Measure 59: State Taxes

Vote: No

What’s the fuss:

Oregonians pay state taxes on some money already paid in federal taxes.

What's the fix: A total deduction of taxes already paid to the feds.

Here's the deal: This measure is a tax cut for upper-income taxpayers wrapped in an enticing, if confusing package.

Written by longtime anti-tax activist Bill Sizemore, the measure is similar to one voters rejected in 2000. We said it was a lousy idea then. And we still think that.

The concept is this: The feds get first dibs on tax money. So if you make $50,000, and pay 25 percent to the feds, that's $12,500 that you cannot spend. But you can only deduct the first $5,600 of that $12,500 on your Oregon state taxes. The rest gets taxed again in Oregon.

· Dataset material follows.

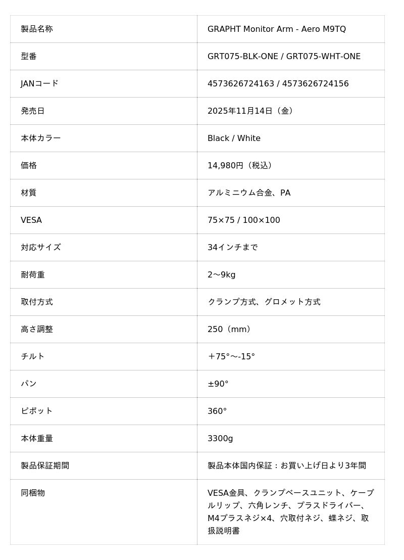 この度、毎日の当たり前をアップデートする『GRAPHT STANDARD』シリーズより、理想的なデスク環境を実現するモニターアーム『Aero』2製品、専用デスクプレートを、2025年11月14日(金)に発売します。いずれも、Black / Whiteの2色を展開。ゲーマーやクリエイターをはじめ、快適な作業環境を追求するすべてのユーザーに向けたラインアップです。

Proponents of Measure 59 call it "double taxation," although the same system exists in most states. This measure would make federal taxes fully deductible on your Oregon state taxes. If the measure passes, it would cost the state $1.2 billion annually when fully implemented.

Considering the state's annual budget is about $7.5 billion, that cost amounts to about a 15 percent across-the-board cut from education, public safety and other basic services that pays for a tax cut that analysts say would benefit only the top 25 percent of earners—in other words, Sizemore wants to gut services to cut taxes for the rich.